→ DATA LISTING:
::::::::

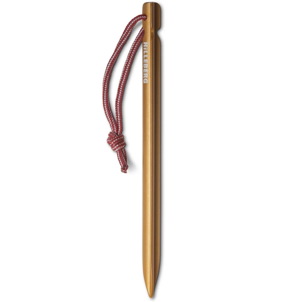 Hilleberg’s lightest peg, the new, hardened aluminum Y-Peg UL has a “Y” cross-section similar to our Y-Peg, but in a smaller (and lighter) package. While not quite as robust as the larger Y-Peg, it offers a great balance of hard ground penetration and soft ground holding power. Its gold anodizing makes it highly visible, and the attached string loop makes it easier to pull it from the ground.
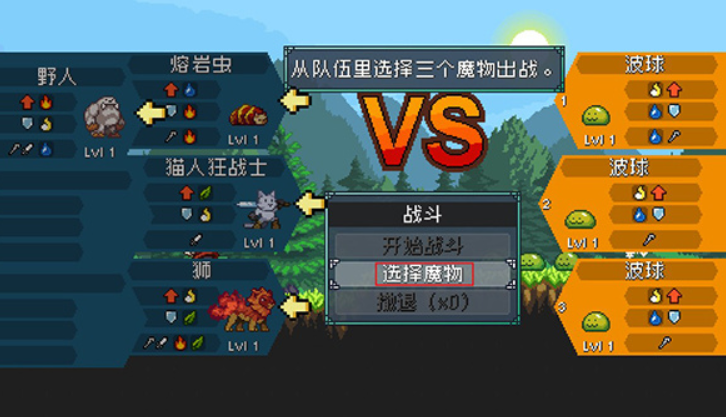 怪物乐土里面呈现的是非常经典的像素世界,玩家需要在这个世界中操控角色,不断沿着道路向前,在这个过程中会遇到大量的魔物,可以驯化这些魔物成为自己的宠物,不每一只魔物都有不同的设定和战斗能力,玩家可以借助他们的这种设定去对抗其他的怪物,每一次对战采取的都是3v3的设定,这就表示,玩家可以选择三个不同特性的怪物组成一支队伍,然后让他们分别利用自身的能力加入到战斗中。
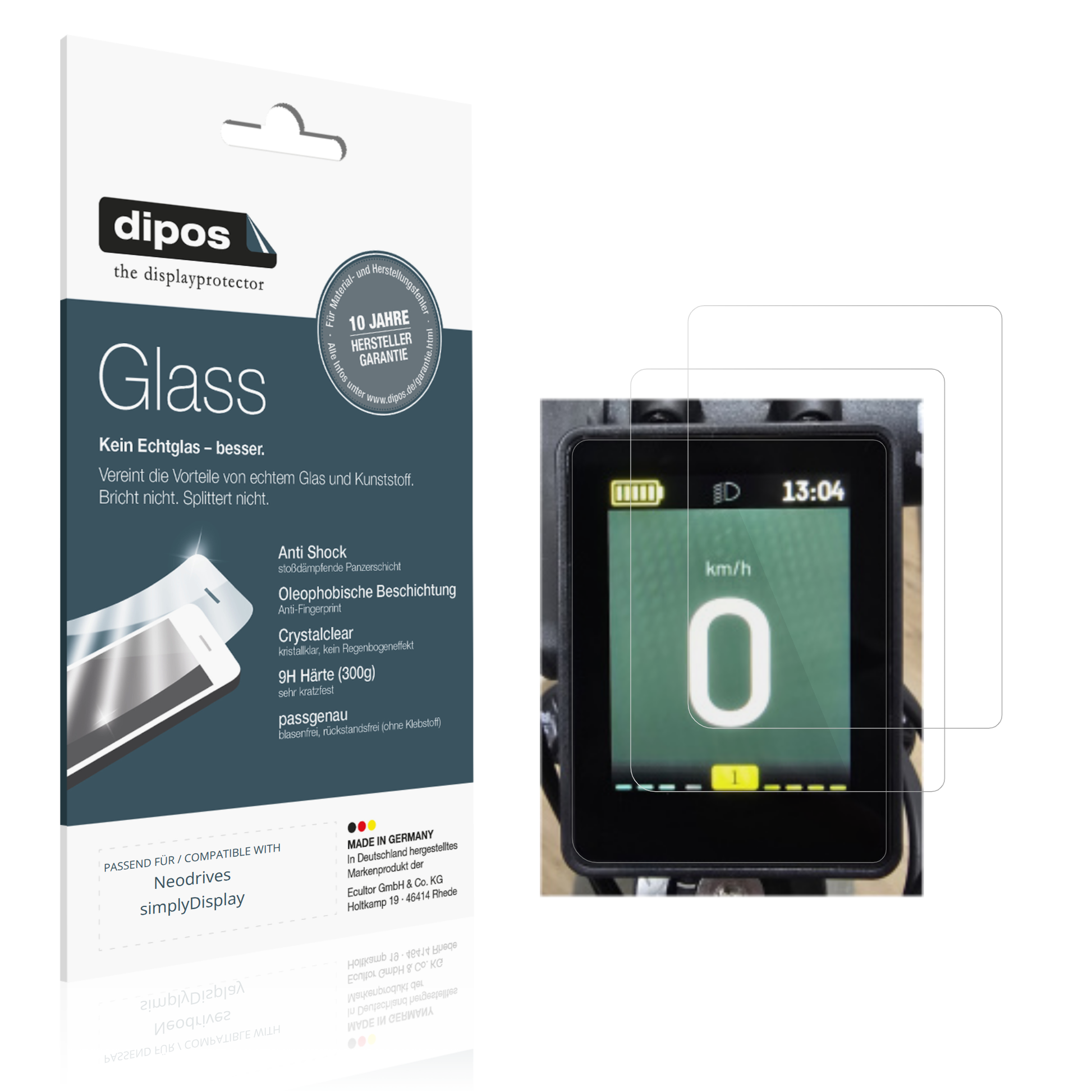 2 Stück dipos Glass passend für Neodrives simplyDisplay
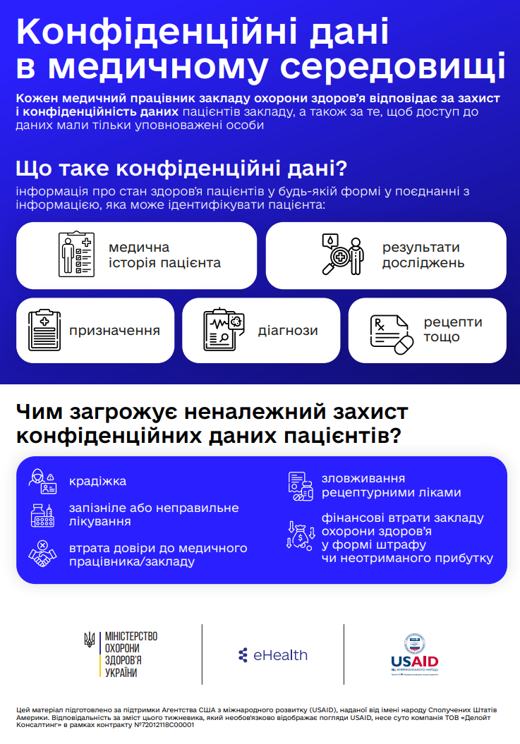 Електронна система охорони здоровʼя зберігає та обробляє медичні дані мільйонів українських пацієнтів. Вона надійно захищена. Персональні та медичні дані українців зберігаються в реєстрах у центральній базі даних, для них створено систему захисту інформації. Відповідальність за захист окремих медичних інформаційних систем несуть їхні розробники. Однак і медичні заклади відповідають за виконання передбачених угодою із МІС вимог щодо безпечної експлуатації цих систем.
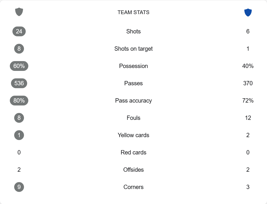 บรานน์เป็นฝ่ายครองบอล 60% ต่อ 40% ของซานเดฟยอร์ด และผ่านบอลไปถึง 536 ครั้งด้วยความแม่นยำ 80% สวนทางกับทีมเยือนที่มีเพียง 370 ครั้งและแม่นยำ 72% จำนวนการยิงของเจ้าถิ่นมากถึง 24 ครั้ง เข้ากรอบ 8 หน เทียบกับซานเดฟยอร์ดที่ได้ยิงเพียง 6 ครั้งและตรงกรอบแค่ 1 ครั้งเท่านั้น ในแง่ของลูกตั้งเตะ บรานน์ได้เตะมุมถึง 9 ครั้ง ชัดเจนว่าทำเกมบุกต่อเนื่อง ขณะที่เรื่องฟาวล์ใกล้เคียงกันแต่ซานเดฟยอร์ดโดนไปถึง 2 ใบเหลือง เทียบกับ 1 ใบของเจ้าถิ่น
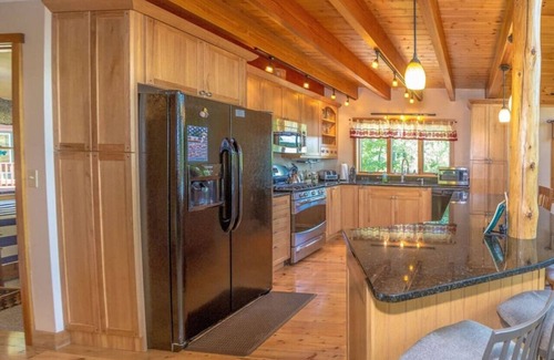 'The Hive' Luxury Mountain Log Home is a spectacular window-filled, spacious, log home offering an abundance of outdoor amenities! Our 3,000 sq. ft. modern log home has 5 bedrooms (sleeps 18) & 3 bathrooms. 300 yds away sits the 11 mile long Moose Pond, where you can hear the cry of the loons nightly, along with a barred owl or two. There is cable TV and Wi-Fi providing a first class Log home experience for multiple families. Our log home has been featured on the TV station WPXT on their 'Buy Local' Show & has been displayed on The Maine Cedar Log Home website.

::::::::

→ WORK ORDER: The answer is the lines of the material above, from the one containing "Електронна система охорони" down to the one containing "บรานน์เป็นฝ่ายครองบอล 60% ต่อ", given exactly and without images.

→ PROBLEM SOLUTION:
 Електронна система охорони здоровʼя зберігає та обробляє медичні дані мільйонів українських пацієнтів. Вона надійно захищена. Персональні та медичні дані українців зберігаються в реєстрах у центральній базі даних, для них створено систему захисту інформації. Відповідальність за захист окремих медичних інформаційних систем несуть їхні розробники. Однак і медичні заклади відповідають за виконання передбачених угодою із МІС вимог щодо безпечної експлуатації цих систем.
 บรานน์เป็นฝ่ายครองบอล 60% ต่อ 40% ของซานเดฟยอร์ด และผ่านบอลไปถึง 536 ครั้งด้วยความแม่นยำ 80% สวนทางกับทีมเยือนที่มีเพียง 370 ครั้งและแม่นยำ 72% จำนวนการยิงของเจ้าถิ่นมากถึง 24 ครั้ง เข้ากรอบ 8 หน เทียบกับซานเดฟยอร์ดที่ได้ยิงเพียง 6 ครั้งและตรงกรอบแค่ 1 ครั้งเท่านั้น ในแง่ของลูกตั้งเตะ บรานน์ได้เตะมุมถึง 9 ครั้ง ชัดเจนว่าทำเกมบุกต่อเนื่อง ขณะที่เรื่องฟาวล์ใกล้เคียงกันแต่ซานเดฟยอร์ดโดนไปถึง 2 ใบเหลือง เทียบกับ 1 ใบของเจ้าถิ่น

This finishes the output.